Hmm.  Here is something that you might try if it is important that your
sampling be unbiased.

(1) Create a bijective (1-1 and onto) mapping of the natural numbers to
the set (which I will call C_k) of n-node graphs of maximum degree k.

(2) Generate a random number using your favorite random number generator,
in the range [1, |C_k|].  Then use the corresponding graph.

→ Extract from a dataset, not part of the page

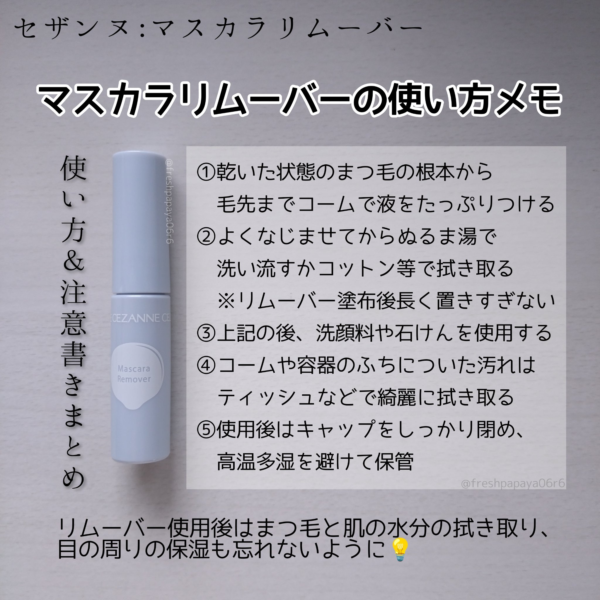 - まつ毛に素早く馴染んで、頑固なウォータープルーフマスカラもするんと落とせます。 セザンヌのウォータープルーフマスカラとフィルムタイプ(お湯オフタイプ)のマスカラ全てに使用できます。 目元のことを考えた液だれしにくい処方。 美容液成分7種(ユズ果実エキス、パンテノール、ビオチノイルトリペプチド-1、ウメ果実エキス、ラウロイルグルタミン酸ジ(フィトステリル/オクチルドデシル)、アカヤジオウ根エキス、トウキンセンカ花エキス)配合。 まつ毛にたっぷり塗れる幅広コームを採用。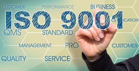 Hand writing ISO 9001 the standard for quality management criteria relevant for all types of organizations

The downside of this method is that I don't immediately know of a clever 
way to create such a mapping, although there might be one.  :(

Here's an easier version of the above, although less elegant:

(1) Create a bijective mapping of numbers to n-node graphs by associating
each possible edge with a bit in a binary number (with n(n-1) bits,
naturally), so the bit is 1 if the edge exists and 0 otherwise;
unfortunately this means that you're not guaranteed that a given number
corresponds to a connected graph (or, for that matter, that it has maximum
degree k).

(2) Generate a random number in the range [2^(n-2) - 1, 2^(n(n-1))].  
Test to see whether the corresponding graph is connected and has max
degree k; if so, you're good, otherwise, chuck it out.  The efficiency of
this method will depend on what proportion of graphs are connected
and have max degree k.  The number of graphs with max degree k is
something like 2^(kn), but I don't have a good idea of how many of those
will be connected.  (My guess is "most of them", but that's pretty vague,
I know.)

The reason why you make the lower edge of the range 2^(n-2) - 1 rather
than something more obvious, like 0, is that any connected graph must have
at least n-1 edges (--> number must have >= n-1 '1' bits), and thus the
smallest number which can correspond to a connected graph is the one in
which the first n-1 digits (that is, digits 0 through n-2) are all
1.  This is basically an easy way to quickly eliminate a small chunk of
the space which is useless.

There are probably a number of clever things which one could do to make
this second version more spiffy (i.e., to eliminate other useless pieces
of the space of n-node graphs) but that should do for a start.

Probably more than you really wanted, but what the heck.  :)  Have fun.

Joshua

address@hidden Per Obscurius...cs.uoregon.edu/~jmadden
    Joshua Madden: Information Scientist, Musician, Philosopher-At-Tall
It's that moment of dawning comprehension that I live for--Bill Watterson
My opinions are too rational and insightful to be those of any organization.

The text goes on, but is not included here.